* Robin H. Johnson <[EMAIL PROTECTED]> [2004-01-08 02:48:43 -0800]:
> I'm working on implementing GLEP11 (just started a week ago since my
> school semester was over and I had some vacation time). I've got
> absolutely no experience or knowledge of servlets, so if you can explain
> how to incorporate them and how they fit together with everything, I'd
> be glad to see if they fit in with vhost-config and webapp-config, or
> java-config.
I'll try to explain.
Servlets
--------
Servlets, or rather, web applications, usually come in the form of a WAR-file
(Web Archive). Everything needed to run the web application is contained in
this file (apart from the servlet engine itself), and installation of the
web application is a matter of deploying it into a servlet engine.
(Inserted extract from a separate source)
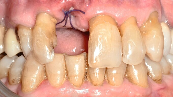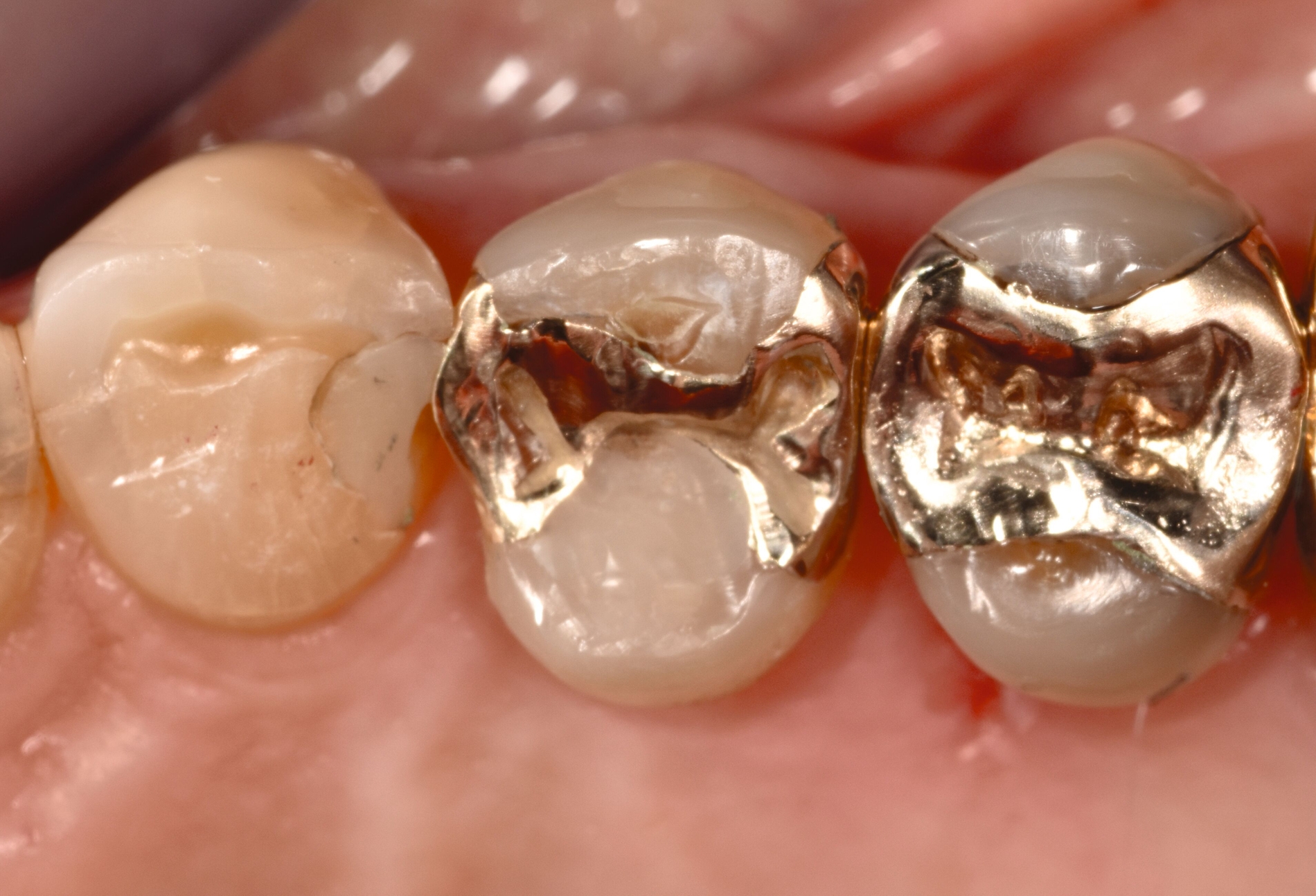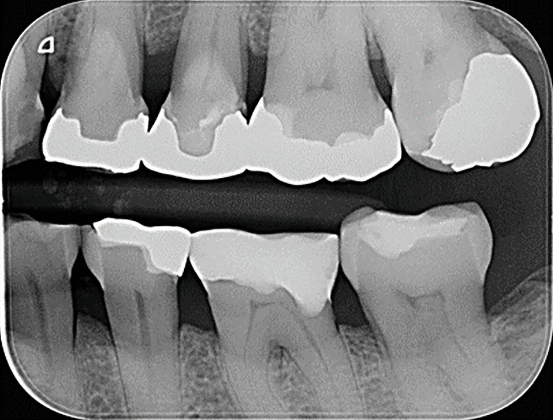 Aufgrund einer erwartungsgemäß erschwerten fotografischen Dokumentation bei der zahnärztlichen Behandlung in der mobilen Zahnmedizin wird die klinische Falldokumentation an einer Seniorin vorgenommen, deren Therapiefähigkeit und Eigenverantwortlichkeit nicht eingeschränkt war. Die 76-jährige Patientin stellt sich zur routinemäßigen Kontrolle in der Poliklinik für Zahnerhaltungskunde vor. Die allgemeine Anamnese ergab Zustand nach Meningeom, eine Quecksilber- und eine Birkenpollenallergie und einen erhöhten Blutdruck, der mit Lercanidipin eingestellt war. Am circa 20 Jahre alten Gussmetall-Inlay an Zahn 24 wurde dabei ein sondierbarer Randspalt festgestellt (Abbildungen 2a und 2b).

As you can see, this is much like installing a "normal" web application
into apache, but in many ways much simpler.
Servlet engines
---------------
Just as with web servers, there are several available servlet engines. But
unlike web servers, in theory, all web applications can be run by all
servlet engines. The process of deploying an application may be different
though, but many servlet engines lets you deploy a web application simply
by dropping the war file into a certain directory.
The current problem
-------------------
The problem is that there is no standard way to install a web application
on a gentoo system, and there is no way to choose which servlet engine
one wants to use.
Application Installation
- - - - - - - - - - - -
For example, the before mentioned cocoon application requires tomcat.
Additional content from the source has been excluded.